## Source material
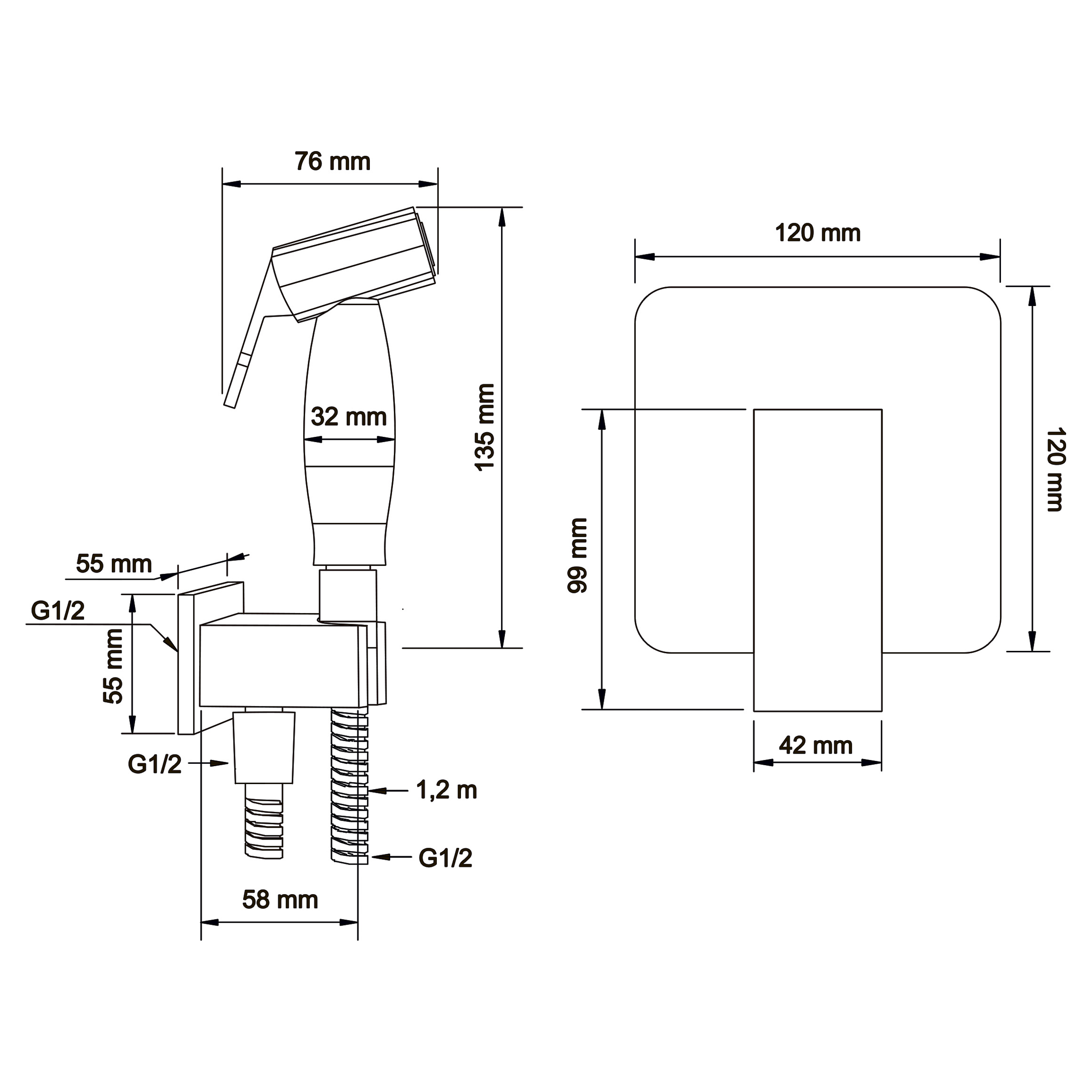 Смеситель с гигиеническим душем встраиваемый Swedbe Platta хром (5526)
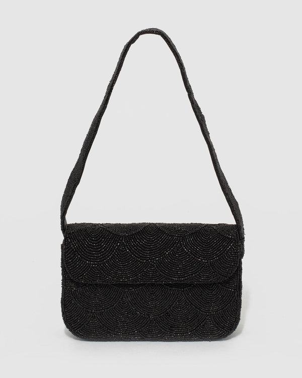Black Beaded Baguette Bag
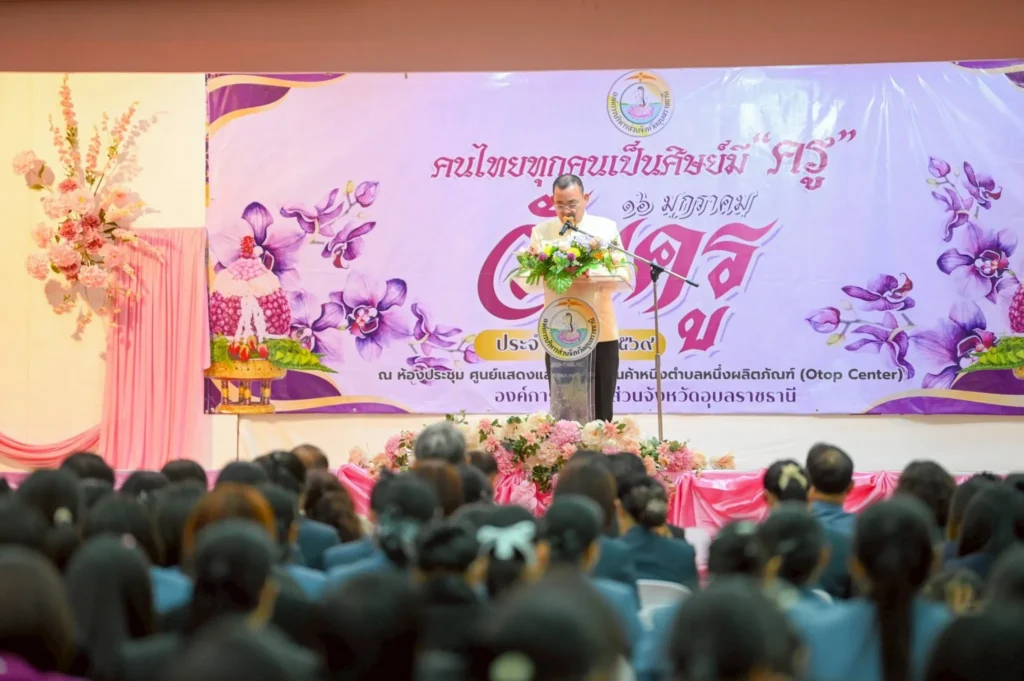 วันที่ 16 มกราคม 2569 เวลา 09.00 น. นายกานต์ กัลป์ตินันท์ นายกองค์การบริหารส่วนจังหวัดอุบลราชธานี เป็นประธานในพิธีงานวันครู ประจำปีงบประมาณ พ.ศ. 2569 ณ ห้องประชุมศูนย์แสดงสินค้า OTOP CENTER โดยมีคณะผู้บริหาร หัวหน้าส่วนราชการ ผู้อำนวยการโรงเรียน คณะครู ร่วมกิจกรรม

...

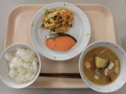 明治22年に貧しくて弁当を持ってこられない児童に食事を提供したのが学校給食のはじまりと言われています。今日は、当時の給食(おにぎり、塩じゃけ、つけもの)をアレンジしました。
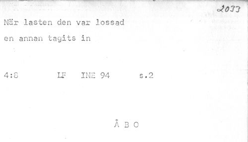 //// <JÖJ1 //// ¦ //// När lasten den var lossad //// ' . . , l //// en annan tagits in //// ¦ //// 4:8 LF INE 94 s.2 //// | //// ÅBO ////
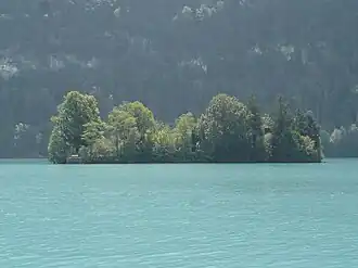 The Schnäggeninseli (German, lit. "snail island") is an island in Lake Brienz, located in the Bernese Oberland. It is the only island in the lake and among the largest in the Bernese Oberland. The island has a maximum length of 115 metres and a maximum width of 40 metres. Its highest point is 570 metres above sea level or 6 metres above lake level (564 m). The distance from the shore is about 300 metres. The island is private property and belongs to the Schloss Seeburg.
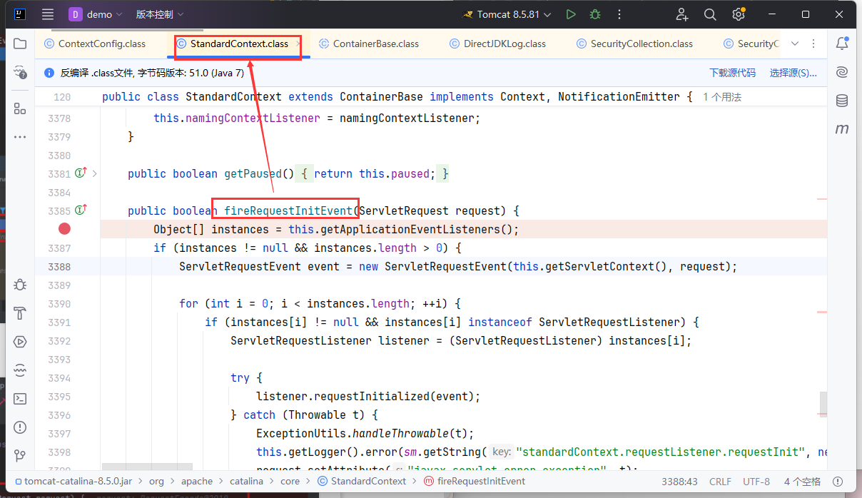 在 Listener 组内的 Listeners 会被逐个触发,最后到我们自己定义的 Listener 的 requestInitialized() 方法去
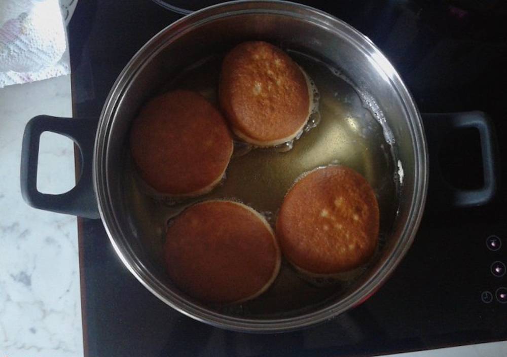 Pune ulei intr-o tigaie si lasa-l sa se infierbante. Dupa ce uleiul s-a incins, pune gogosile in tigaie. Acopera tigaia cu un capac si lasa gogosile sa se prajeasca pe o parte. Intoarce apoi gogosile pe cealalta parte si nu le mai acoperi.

...

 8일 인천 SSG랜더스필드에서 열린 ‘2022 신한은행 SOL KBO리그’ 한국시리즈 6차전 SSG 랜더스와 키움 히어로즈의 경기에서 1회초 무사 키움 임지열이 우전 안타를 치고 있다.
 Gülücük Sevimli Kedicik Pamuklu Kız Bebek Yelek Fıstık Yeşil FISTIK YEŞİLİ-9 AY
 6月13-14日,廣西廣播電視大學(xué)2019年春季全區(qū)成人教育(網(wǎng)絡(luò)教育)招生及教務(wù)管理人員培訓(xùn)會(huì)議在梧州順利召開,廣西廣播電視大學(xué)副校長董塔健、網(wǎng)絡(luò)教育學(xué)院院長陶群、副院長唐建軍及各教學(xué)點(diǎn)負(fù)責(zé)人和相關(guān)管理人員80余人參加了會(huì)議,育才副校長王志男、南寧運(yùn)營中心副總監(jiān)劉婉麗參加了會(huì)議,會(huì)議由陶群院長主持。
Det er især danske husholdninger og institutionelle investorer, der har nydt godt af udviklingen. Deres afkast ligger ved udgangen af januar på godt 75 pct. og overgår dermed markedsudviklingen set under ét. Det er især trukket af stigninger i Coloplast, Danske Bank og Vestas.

## Exercise aim
The answer must be the lines above from the one containing "Black Beaded Baguette Bag" through the one containing "วันที่ 16 มกราคม", reproduced exactly, with no pictures and nothing else.

## Written response
Black Beaded Baguette Bag
 วันที่ 16 มกราคม 2569 เวลา 09.00 น. นายกานต์ กัลป์ตินันท์ นายกองค์การบริหารส่วนจังหวัดอุบลราชธานี เป็นประธานในพิธีงานวันครู ประจำปีงบประมาณ พ.ศ. 2569 ณ ห้องประชุมศูนย์แสดงสินค้า OTOP CENTER โดยมีคณะผู้บริหาร หัวหน้าส่วนราชการ ผู้อำนวยการโรงเรียน คณะครู ร่วมกิจกรรม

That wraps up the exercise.